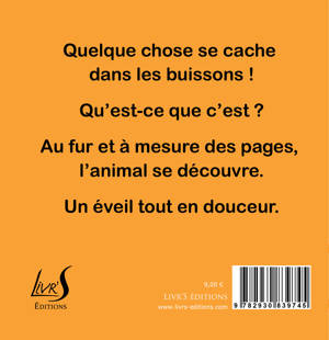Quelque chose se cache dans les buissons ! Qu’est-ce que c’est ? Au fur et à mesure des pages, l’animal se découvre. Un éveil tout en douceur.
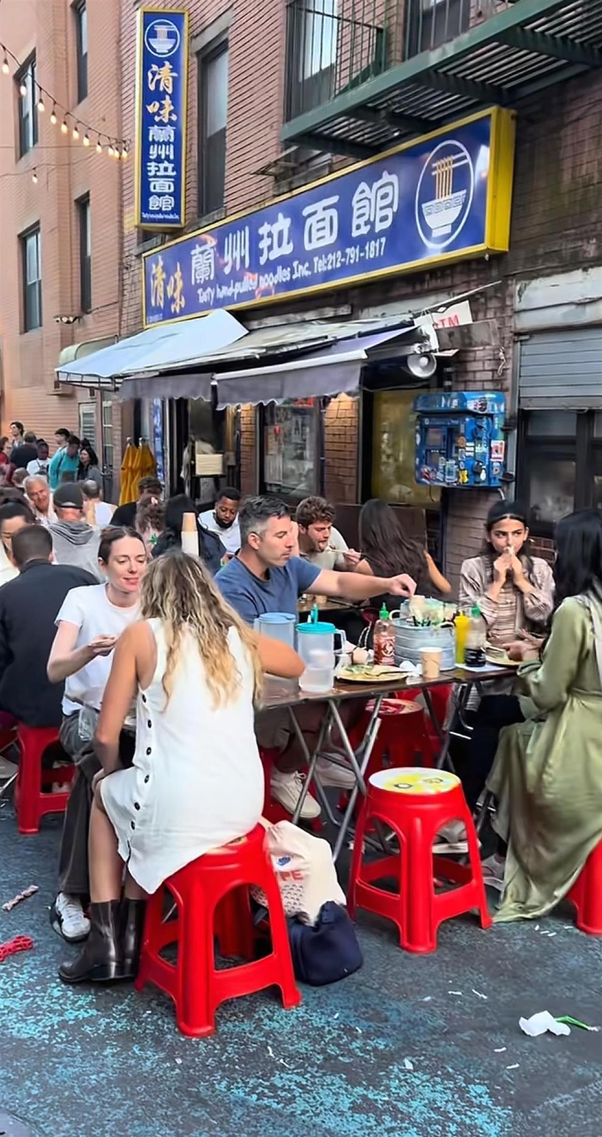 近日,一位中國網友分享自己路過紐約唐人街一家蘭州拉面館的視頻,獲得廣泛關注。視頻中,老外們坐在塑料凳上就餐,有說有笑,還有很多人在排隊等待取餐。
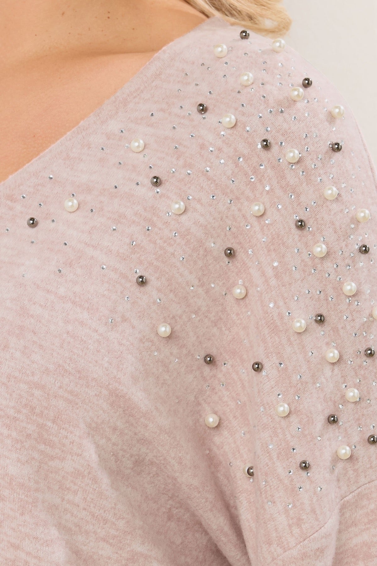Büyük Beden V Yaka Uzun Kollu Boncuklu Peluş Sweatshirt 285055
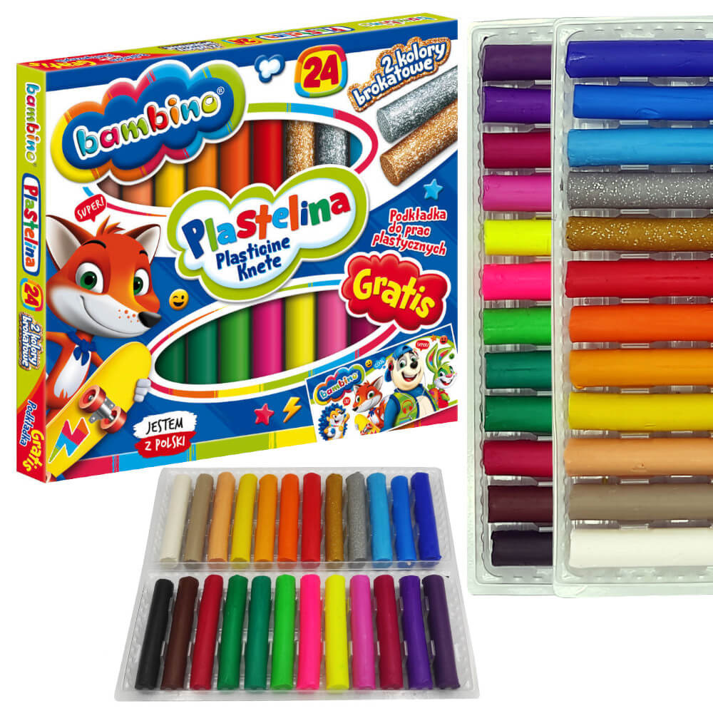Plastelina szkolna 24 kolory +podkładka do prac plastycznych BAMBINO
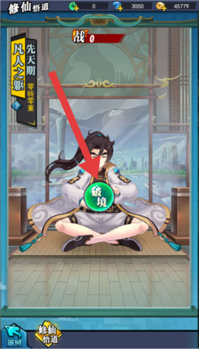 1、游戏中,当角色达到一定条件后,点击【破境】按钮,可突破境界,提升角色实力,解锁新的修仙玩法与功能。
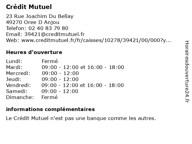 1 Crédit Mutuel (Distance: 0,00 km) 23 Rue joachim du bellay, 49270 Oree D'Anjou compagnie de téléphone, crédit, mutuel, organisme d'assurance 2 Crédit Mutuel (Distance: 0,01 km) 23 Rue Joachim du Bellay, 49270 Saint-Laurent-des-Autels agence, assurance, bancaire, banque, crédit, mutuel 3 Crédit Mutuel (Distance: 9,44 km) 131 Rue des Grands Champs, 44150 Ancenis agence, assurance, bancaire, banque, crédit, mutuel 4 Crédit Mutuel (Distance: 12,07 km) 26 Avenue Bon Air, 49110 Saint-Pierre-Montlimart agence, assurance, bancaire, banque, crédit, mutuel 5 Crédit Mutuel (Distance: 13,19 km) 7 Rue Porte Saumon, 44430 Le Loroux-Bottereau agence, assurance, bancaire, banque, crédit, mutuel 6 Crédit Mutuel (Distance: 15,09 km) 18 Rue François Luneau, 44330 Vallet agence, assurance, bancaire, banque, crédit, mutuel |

▬▬▬

# Assignment
Your answer must be only the lines from the one that holds "Plastelina szkolna 24" to the end of the listing, each restated word for word, with both ends kept and pictures left out.

# Your solution
Plastelina szkolna 24 kolory +podkładka do prac plastycznych BAMBINO
 1、游戏中,当角色达到一定条件后,点击【破境】按钮,可突破境界,提升角色实力,解锁新的修仙玩法与功能。
 1 Crédit Mutuel (Distance: 0,00 km) 23 Rue joachim du bellay, 49270 Oree D'Anjou compagnie de téléphone, crédit, mutuel, organisme d'assurance 2 Crédit Mutuel (Distance: 0,01 km) 23 Rue Joachim du Bellay, 49270 Saint-Laurent-des-Autels agence, assurance, bancaire, banque, crédit, mutuel 3 Crédit Mutuel (Distance: 9,44 km) 131 Rue des Grands Champs, 44150 Ancenis agence, assurance, bancaire, banque, crédit, mutuel 4 Crédit Mutuel (Distance: 12,07 km) 26 Avenue Bon Air, 49110 Saint-Pierre-Montlimart agence, assurance, bancaire, banque, crédit, mutuel 5 Crédit Mutuel (Distance: 13,19 km) 7 Rue Porte Saumon, 44430 Le Loroux-Bottereau agence, assurance, bancaire, banque, crédit, mutuel 6 Crédit Mutuel (Distance: 15,09 km) 18 Rue François Luneau, 44330 Vallet agence, assurance, bancaire, banque, crédit, mutuel |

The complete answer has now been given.